Many companies are beginning to get into the business of enabling individuals to store and manage their health records on their web sites. Often, these companies are not HIPAA-covered entities. Are there any other privacy laws that they need to consider as they enter this market?
Until recently, there was no privacy law that specifically applied to a personal health record service provider that is not covered by HIPAA. But there is a lot of focus on the part of legislative and regulatory bodies on the lack of a specific law that covers this emerging industry. In fact, California just amended its Confidentiality of Medical Information Act (CMIA) to expand its scope to cover the personal health records industry. (Civil Code 56.05 – 56.37)
California’s CMIA, among other things, requires that companies allow individuals to access their medical information and obtain patient consent before disclosing medical information to third parties.

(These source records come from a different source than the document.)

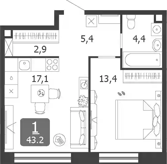29 860 472 ₽2-к.квартира, 43.2 м², 19 эт.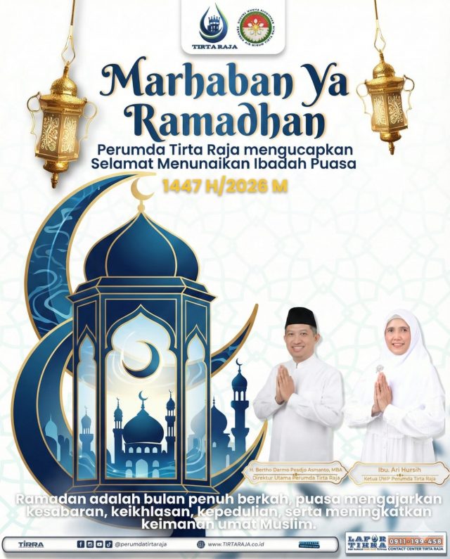 “Kami dari Perumda Tirta Raja mengucapkan selamat menunaikan ibadah puasa kepada seluruh saudara-saudari yang beragama Islam. Semoga ibadah yang dilakukan dapat memberikan keberkahan dan mendekatkan kita kepada Sang Pencipta,” ujarnya.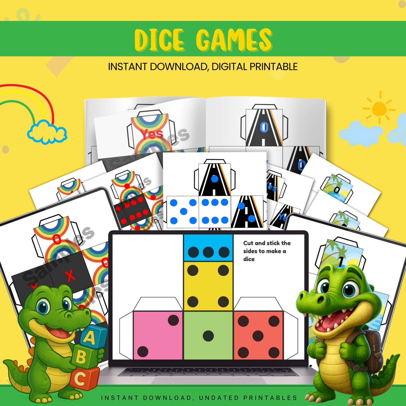 70+ preschool dice games printable pack for fun math, number recognition, and cooperative play. Roll, move, and learn through play – instant download!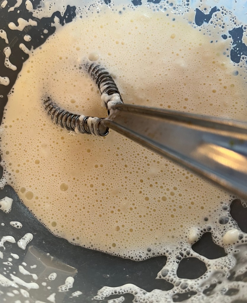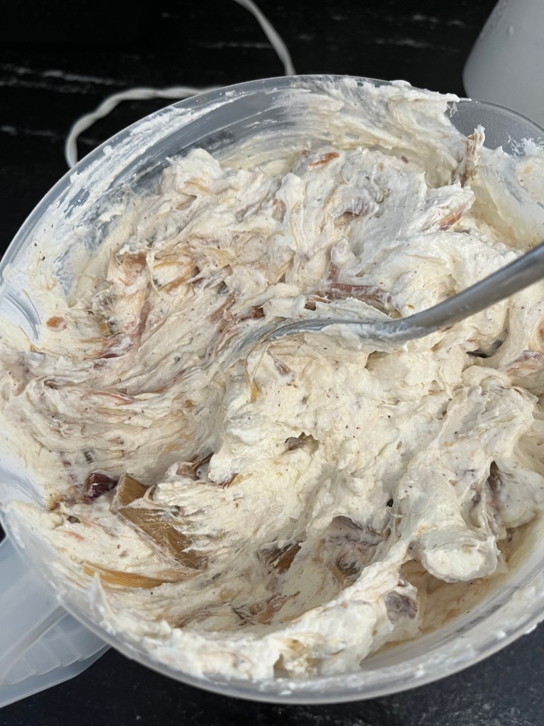 Moving on, I made my ice cream. When passion fruits were very much in season I bought several and kept the pulp which I froze until ready to use. I always use Ben and Jerry’s basic recipes for making ice cream and this time was no exception. According to Ben and Jerry ( they are real people) the list of fruit ice creams is pretty endless, with Banana having no added sugar to apples and raspberries needing a fair amount. However, I would go with the basic and have a taste ( what a good excuse) and add more if it is too tart. They didn’t actually have a passion fruit recipe, so I had to wing it, starting with a sweet cream base. However before you start switch on your ice cream maker if you have one to make sure it is cold OR have a container in the freezer also that it is cold.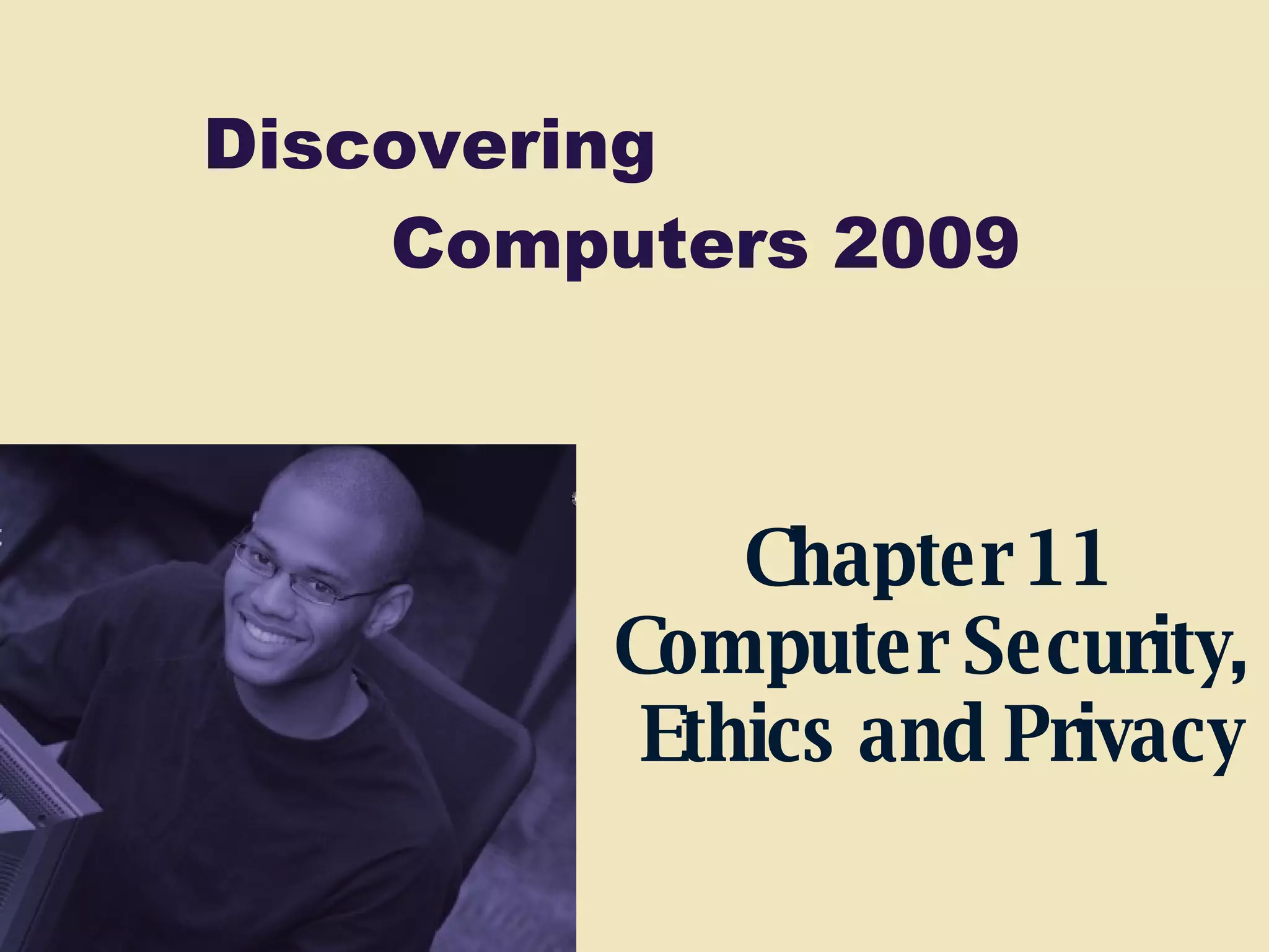 This chapter discusses computer security risks like viruses, worms and Trojan horses. It describes safeguards like antivirus software, firewalls and passwords. The chapter also covers ethics issues around information privacy, software piracy and computer use. Potential health issues from overuse like repetitive strain injuries are explained, along with ergonomic precautions and green computing practices.

CMIA also requires that medical information not be used for purposes beyond health care services without patient consent.
Any company that collects medical information from individuals should check to see if CMIA applies to its practices and, if so, ensure that it is complying with CMIA. In particular, it should obtain all the patient approvals that are necessary for the company to use the medical information it collects as intended. Companies that are not covered by CMIA should nonetheless consult generally-applicable state privacy laws, some of which specifically cover medical information and apply to companies who are otherwise unregulated by industry-specific laws (e.g., California’s Civil Code 1798.91, requiring consumer notification when collecting medical information that will be used for direct marketing purposes).